To our knowledge, this is the first study globally to evaluate hearing loss outcomes in an RCT of head-to-head or mixed schedule PCVs. This is also the first prospective longitudinal community-based study of scheduled hearing tests in First Nations children from age 12 to 36 months. A literature search for studies of either PCV13 or PHiD-CV10 that report either OM or hearing-related outcomes [14] was repeated for the period 2019 to 2023; of 54 identified studies, none reported hearing outcomes. A recent 2020 Cochrane review of PCVs for prevention of acute OM did not report hearing outcomes [16]. Other head-to-head RCTs compare immunogenicity of different PCV schedules or formulations [17,18] and impact on pneumococcal [19] and NTHi carriage [17], but impacts on hearing have not been included.

Unexpectedly, this report focussing on hearing outcomes found that, contrary to our hypotheses, the children assessed in the +P group had better hearing compared to the +S group at age 18 months. The −3 dB difference in mean hearing level is of unknown clinical value. However, the −19% difference in prevalence of moderate hearing loss and gain of 19% having no hearing loss is likely to benefit many First Nations children, particularly if this is sustained to age 36 months. In addition, around two-thirds of the children assessed at age 18 months met Hearing Australia criteria for hearing assistance [12], and the proportion was again lower in the +P group at age 18 months (62% versus 76%). At later ages, vaccine group differences in hearing persisted. Analysis stratified by the primary course head-to-head and combination schedules (the PREVIX_COMBO RCT) [5] suggested that slightly better hearing in the +P group was present across all primary schedules and was greatest in the SSSP+P versus SSSP+S comparison. The 19% higher prevalence of no hearing loss in the +P group (36%) compared to the +S group (16%) at age 18 months is also noteworthy as our surveillance over many years has consistently found less than 10% children are without OM at this age [3,20]. These unique findings are difficult to explain and should be interpreted with caution as not all randomised participants received hearing assessments.

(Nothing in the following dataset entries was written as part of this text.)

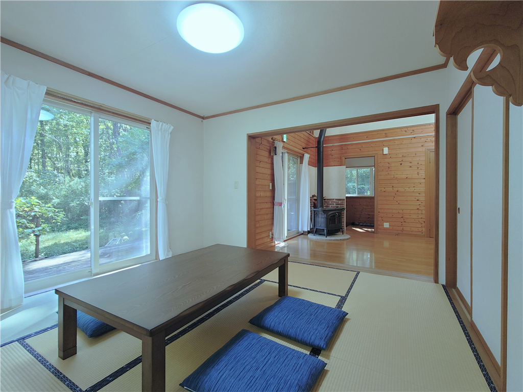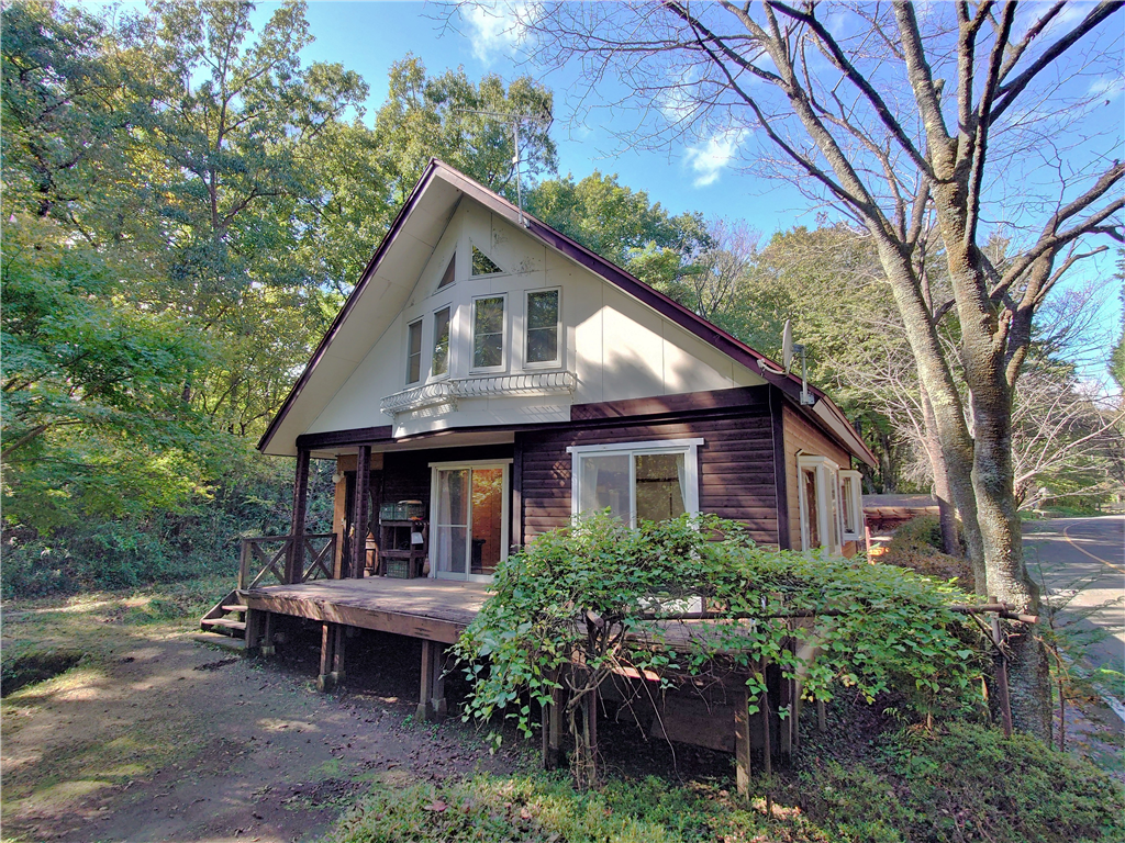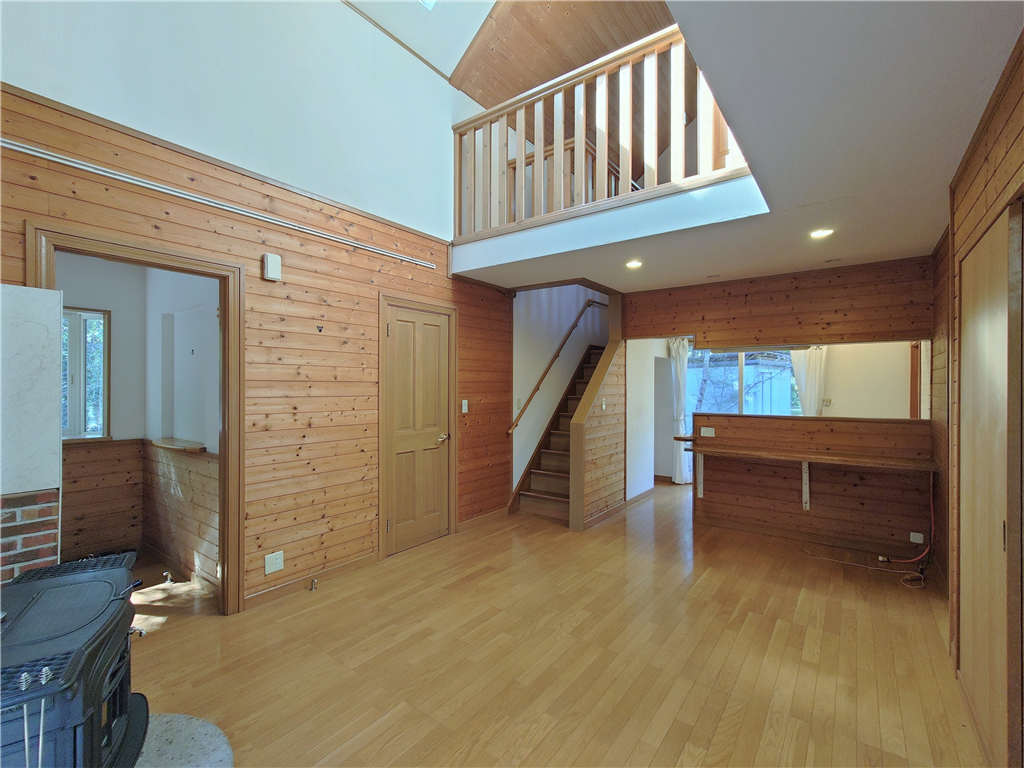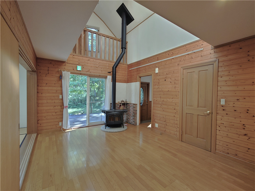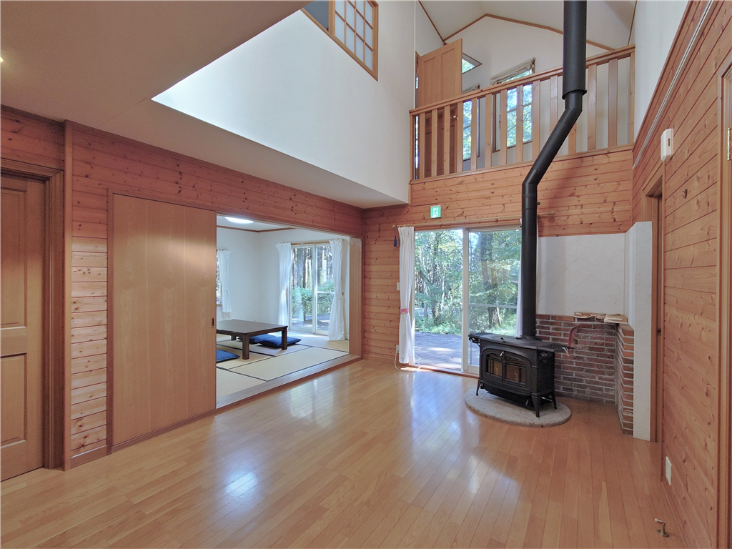 LDKに薪ストーブがあり、敷地内には薪小屋も設置された木造建築の一戸建て別荘です。
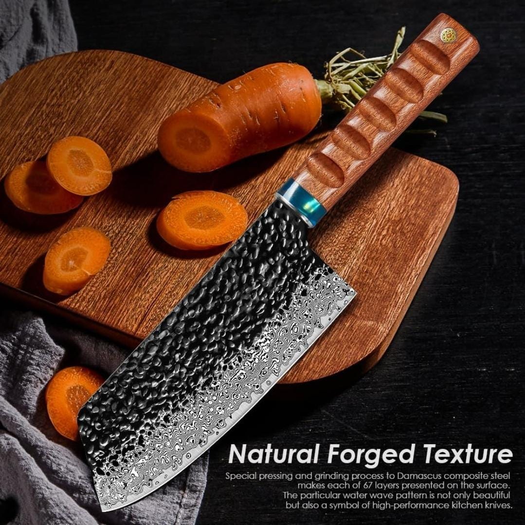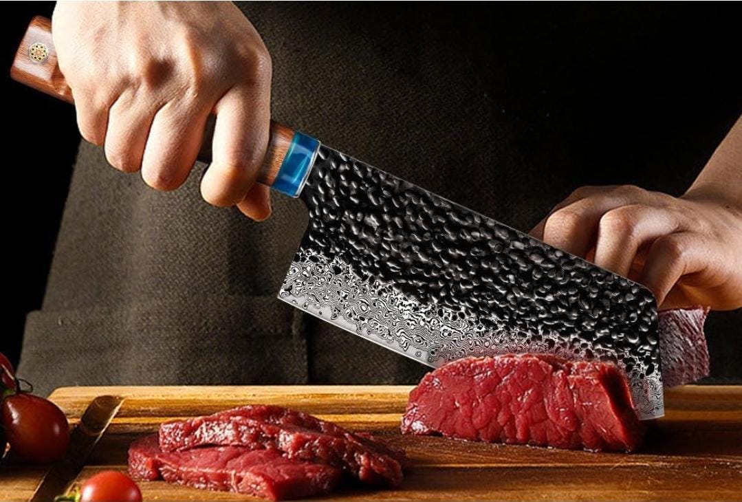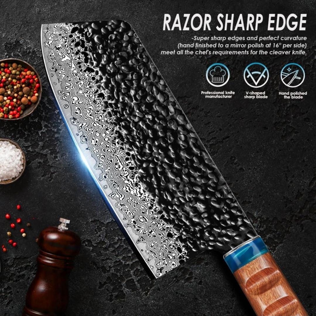 Chef Knife Hammered Damascus 8" Meat Cleaver Engraved Custom Culinary Chef Knives Gifts for Him Her Men Women Gift Cooking Cutlery KL08
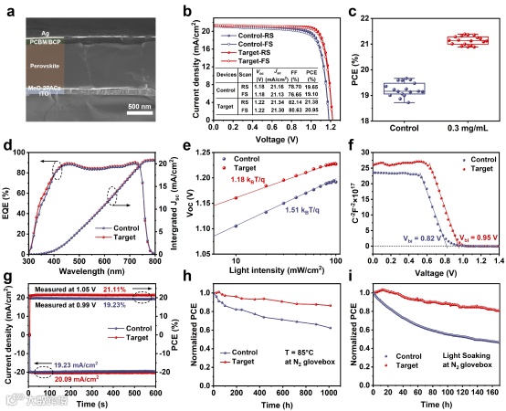 Fig. 4. (a) Cross-sectional SEM image of the device. (b) The champion J-V curves and (c) PCE statistical distribution of the control and target PSCs. (d) EQE spectra and integral current densities of the champion control and target PSCs. (e) VOC versus light intensity curves of devices. (f) Mott-Schottky plots of devices at 10 kHz. (g) Steady-state photocurrent and PCE of the control and target PSCs measured near the maximum power point with a bias of 0.99 V and 1.05 V. (h) Thermal stability of the control and target PSCs in N2 atmosphere at 85°C. (i) Light-soaking stability of the control and target PSCs under AM 1.5G one-sun illumination in N2 atmosphere.
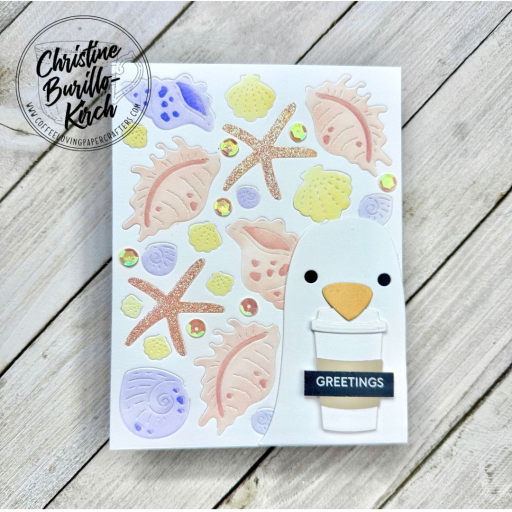 My final favorite card uses products from Super Sponsor Waffle Flower. I love the Inquisitive Seagull die series and paired it with the Seashell Texture background die in the card shown below.
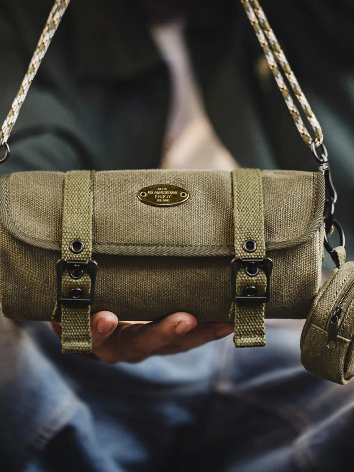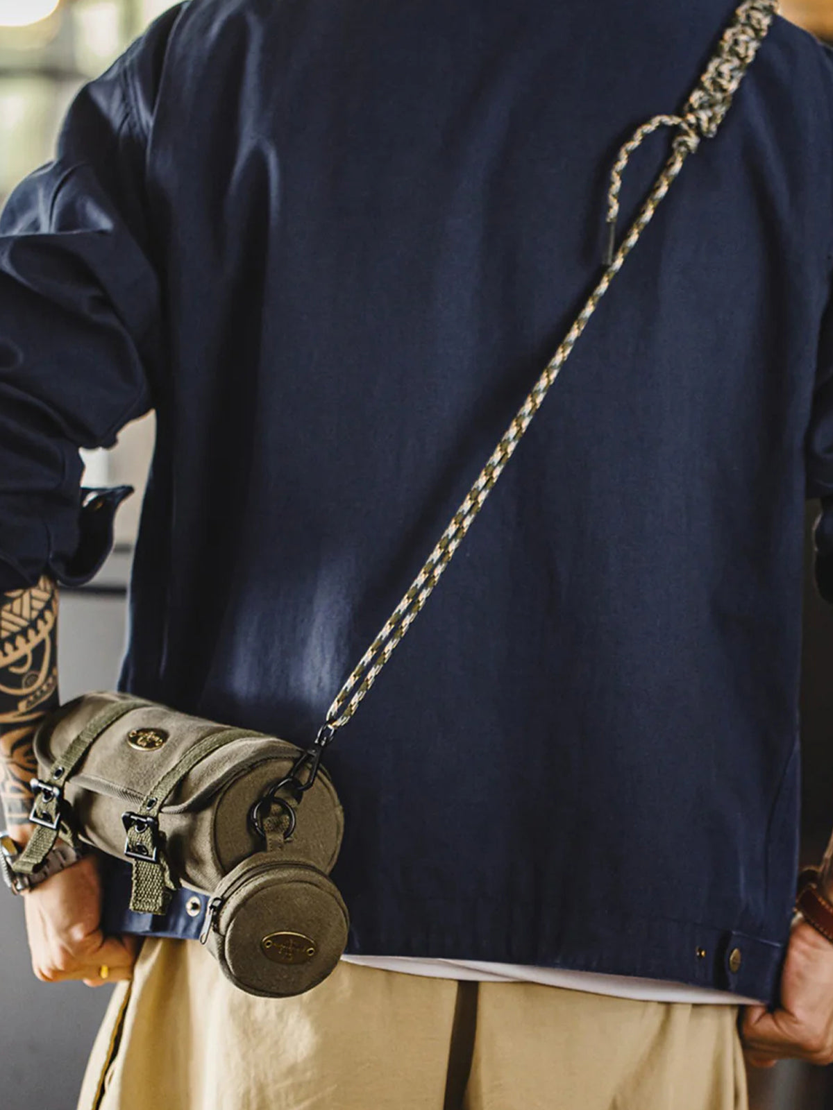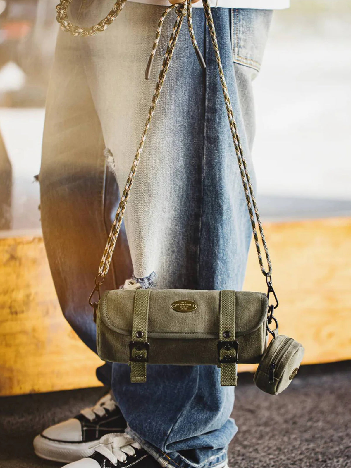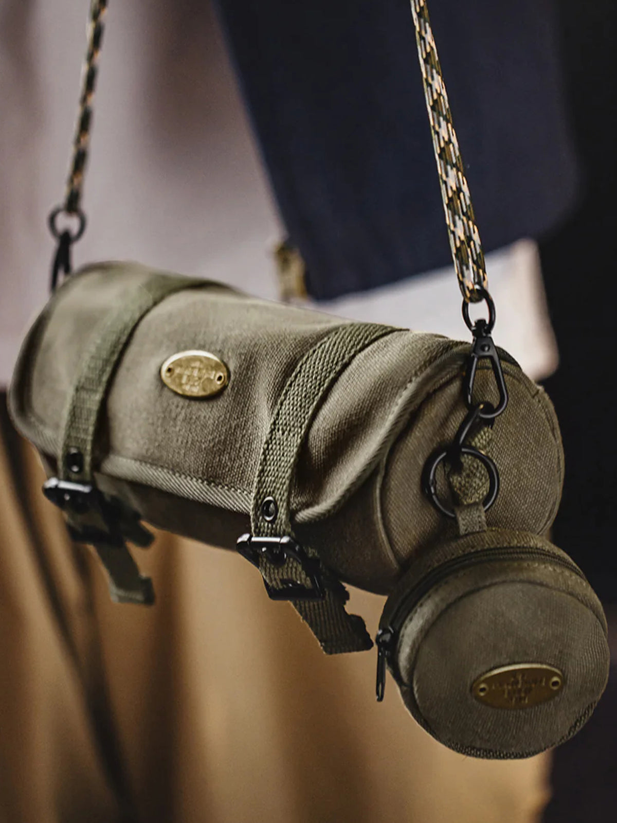 Canvas Barrel Bag with Braided Strap & Removable Round Pouch
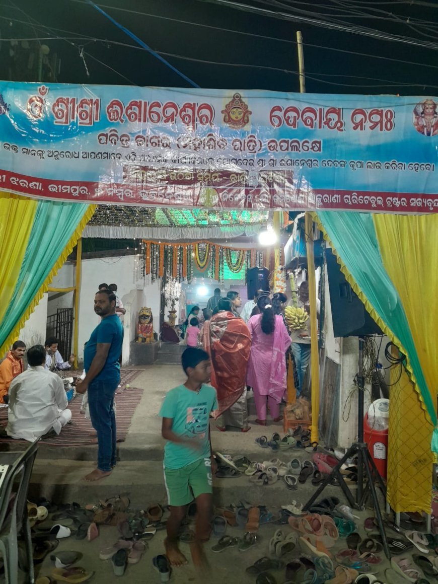 A large number of devotees gathered at Ishaneswar Mandir, Bhimapur, Unit-6, where the temple premises were beautifully decorated with flowers and illumination.
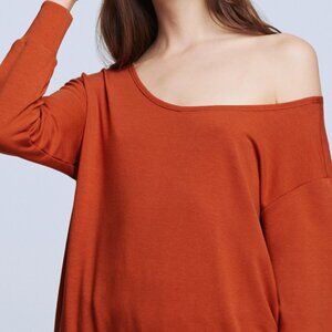 L'AGENCE Kimora Off Shoulder Top in Rust. Sweatshirt design with a relaxed silhouette with off-the-shoulder detailing, wide neckline, banded hemline, and long sleeves. Effortless chic and versatile design offering both comfort and style. 47% Cotton / 47% Modal, 6% Spandex. Brand new, never worn, with tags.
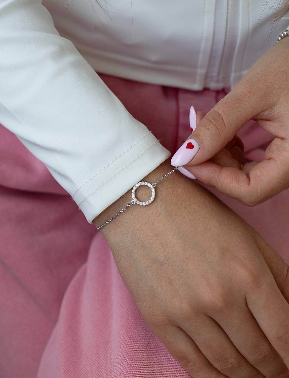 Окремої уваги заслуговує круглий елемент, прикрашений дрібним кубічним цирконієм. Камінь дуже міцний та відмінно розсіює сонячне світло. Прикраса привертатиме увагу оточуючих. Браслет чудово поєднується з кольє та сережками у такому ж стилі. Прикраса стане бажаним подарунком з кількох причин:
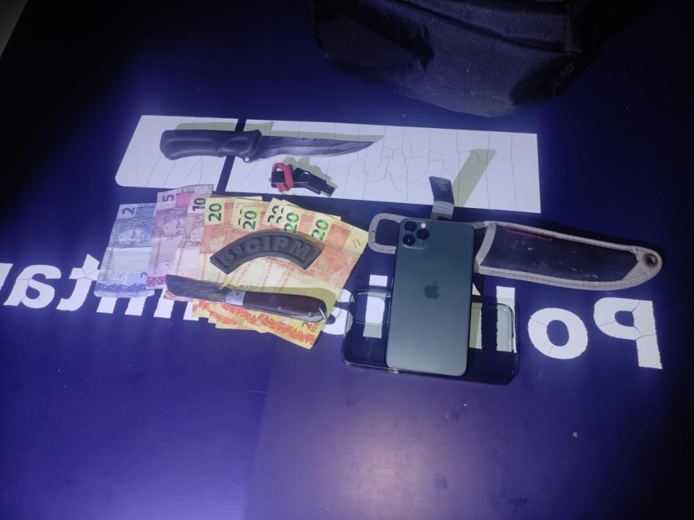Três Lagoas (MS) – Na segunda-feira (30/05), a equipe da Força Tática abordou cinco indivíduos em duas motos Honda e um veículo Ford Del Rey na estrada de acesso ao porto de areia próximo às margens do Rio Paraná. Ao serem entrevistados pela Equipe

A major limitation of our study is small sample size for this secondary outcome [10]. As mentioned, the low numbers receiving hearing tests was almost solely related to delays in implementation of hearing tests, rather than selection of participants based on certain characteristics or preferences. We show that baseline characteristics and risk factors of participants receiving hearing tests were not different between vaccine groups at any age. The high event rate somewhat compensates for low numbers and may increase confidence in the apparent vaccine group difference in hearing detected at primary endpoint age 18 months. Given the paucity of published data from vaccine trials to support or refute our findings, further investigation of biological plausibility is warranted, particularly as higher valency vaccines become available [21].

Our systematic review identified an almost complete absence of published contemporary (PCVera) data on the prevalence and persistence of hearing loss in very young First Nations children [22]. In addition, data from the NT hearing outreach services show that only 11% of services (either audiology, Clinical Nurse Specialist, or ear, nose, and throat (ENT) teleotology) were provided to children under age 3 years [23]. Of 1,741 First Nations children who received audiology services, 56 (3%) were under age 3 years and of these 17 (31%) had some level of hearing loss.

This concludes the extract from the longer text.